Task details: Output all of the data exactly, keeping any images out of the copy.

Data excerpt:
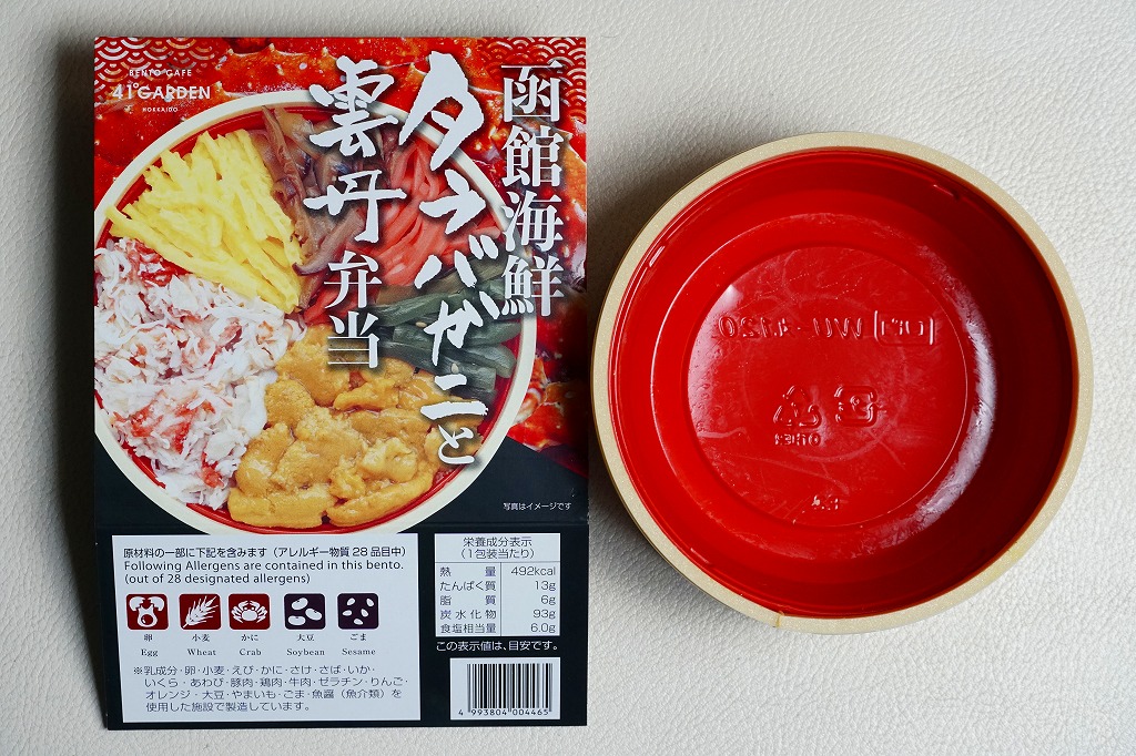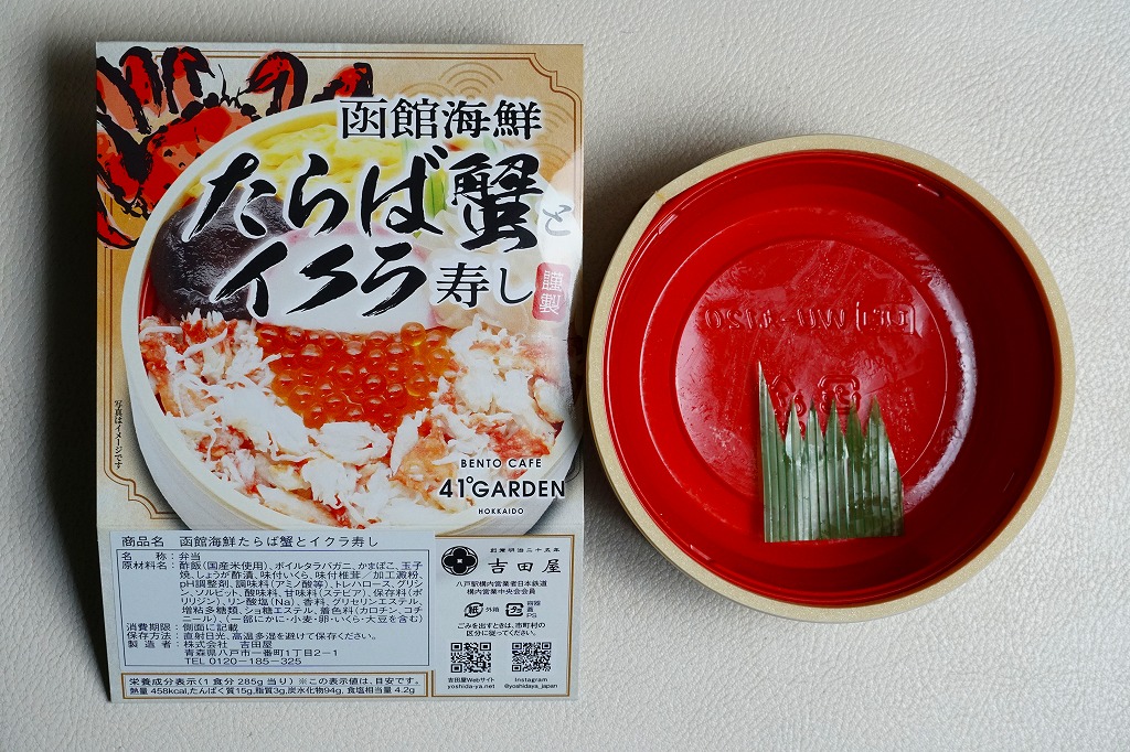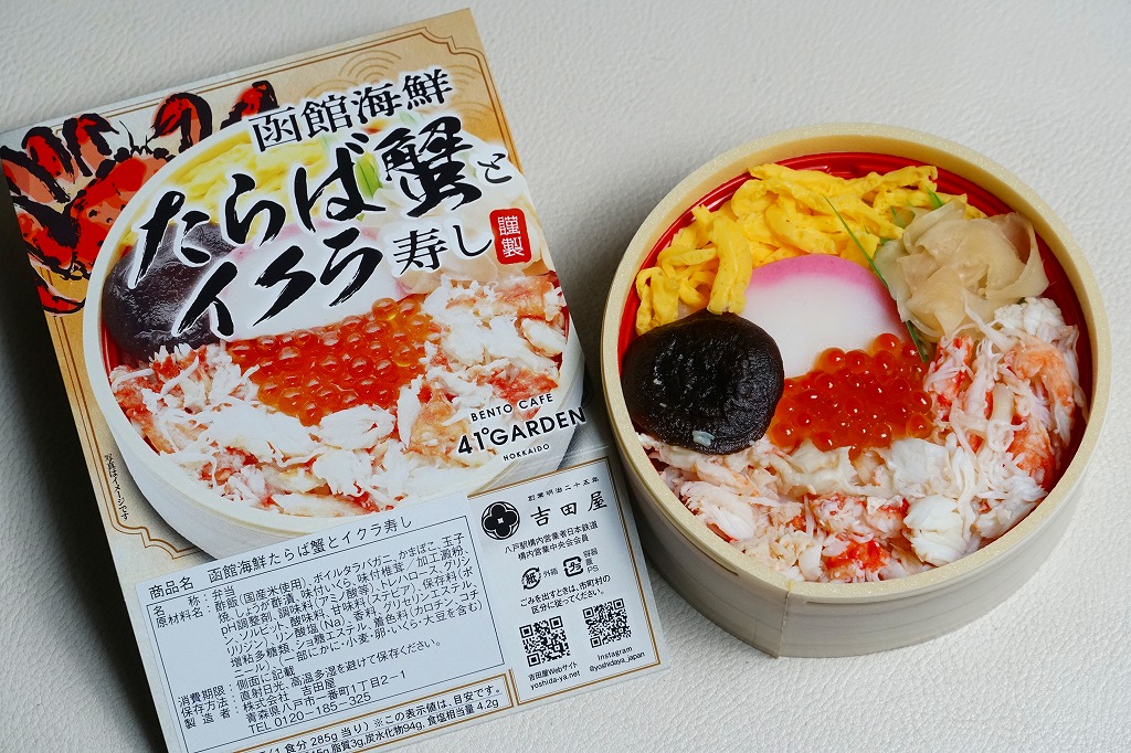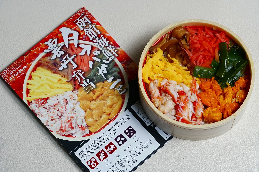 中身の写真を美しく載せたスリーブにはめた、やや上げ底で正方形のプラ容器に、酢飯を詰め、鮭フレーク、かにフレーク、蒸しうに、わさび菜、イクラ、ガリで覆い、ホタテ煮、サーモンハラス焼き、カニ脚肉を並べる。内容では典型的な北海道を名乗る海鮮弁当を、常温でも持ち運べる駅弁の体にした感じで、そんな需要があれば向きそう。スリーブの宣伝文からもたぶん、函館駅前の市場とは関係ない。価格は2022年時点で1,580円、2023年時点で1,680円、2025年時点で1,800円。
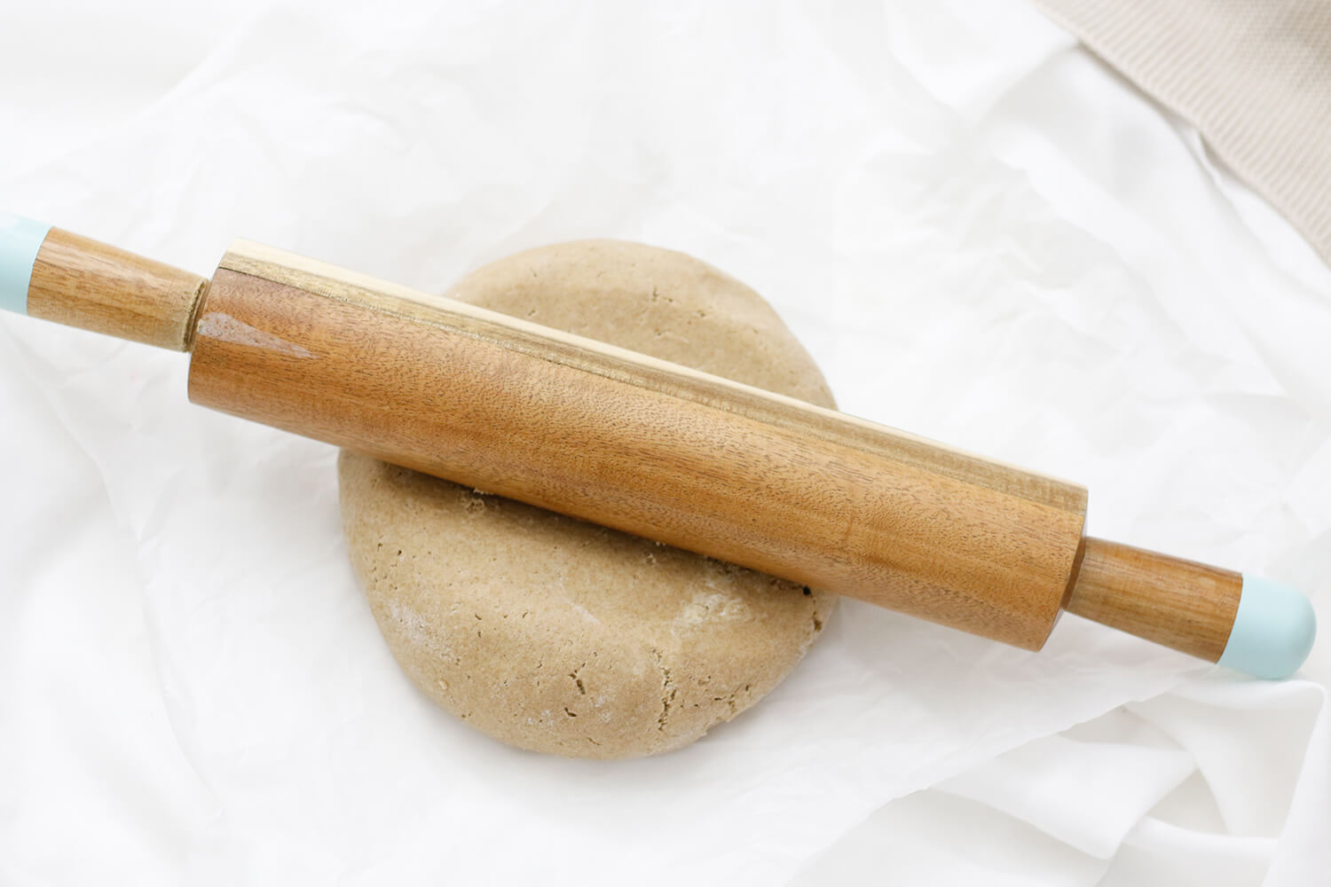 Ein Backblech mit Backpapier auslegen. Ofen auf 200°C Heißluft vorheizen. Den gegangenen Teig auf eine bemehlte Arbeitsfläche stürzen und rund ausrollen.
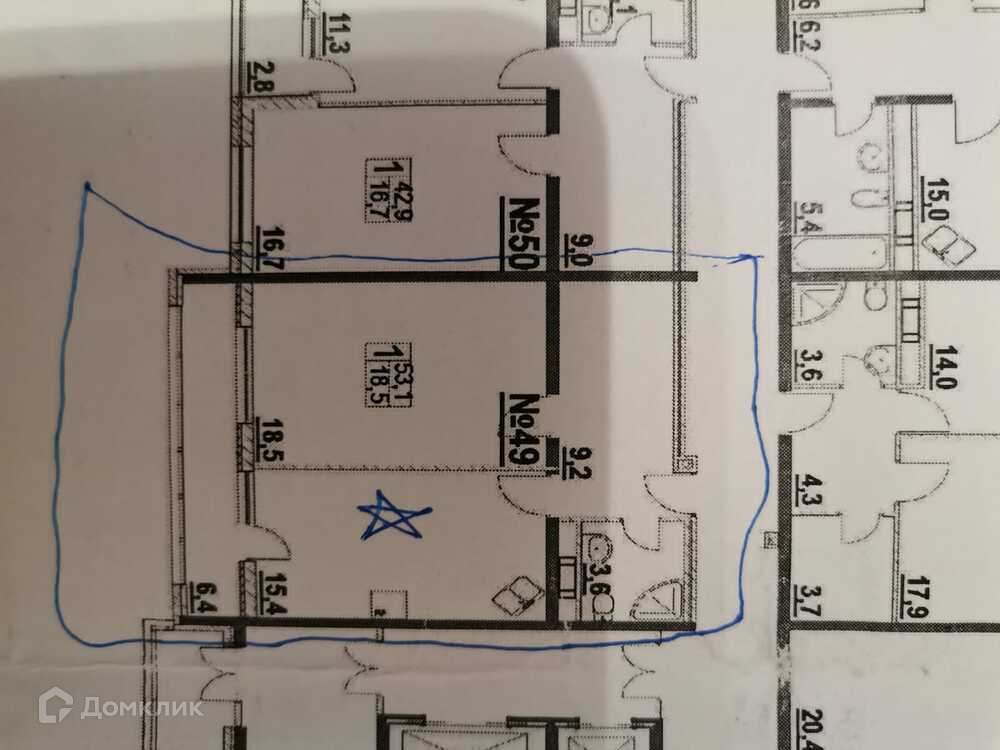 Комната 18,5кв.м, кухня 15,4. Большой балкон 6,4кв.м. Санузел 3,8кв.м.

Expected output:
 中身の写真を美しく載せたスリーブにはめた、やや上げ底で正方形のプラ容器に、酢飯を詰め、鮭フレーク、かにフレーク、蒸しうに、わさび菜、イクラ、ガリで覆い、ホタテ煮、サーモンハラス焼き、カニ脚肉を並べる。内容では典型的な北海道を名乗る海鮮弁当を、常温でも持ち運べる駅弁の体にした感じで、そんな需要があれば向きそう。スリーブの宣伝文からもたぶん、函館駅前の市場とは関係ない。価格は2022年時点で1,580円、2023年時点で1,680円、2025年時点で1,800円。
 Ein Backblech mit Backpapier auslegen. Ofen auf 200°C Heißluft vorheizen. Den gegangenen Teig auf eine bemehlte Arbeitsfläche stürzen und rund ausrollen.
 Комната 18,5кв.м, кухня 15,4. Большой балкон 6,4кв.м. Санузел 3,8кв.м.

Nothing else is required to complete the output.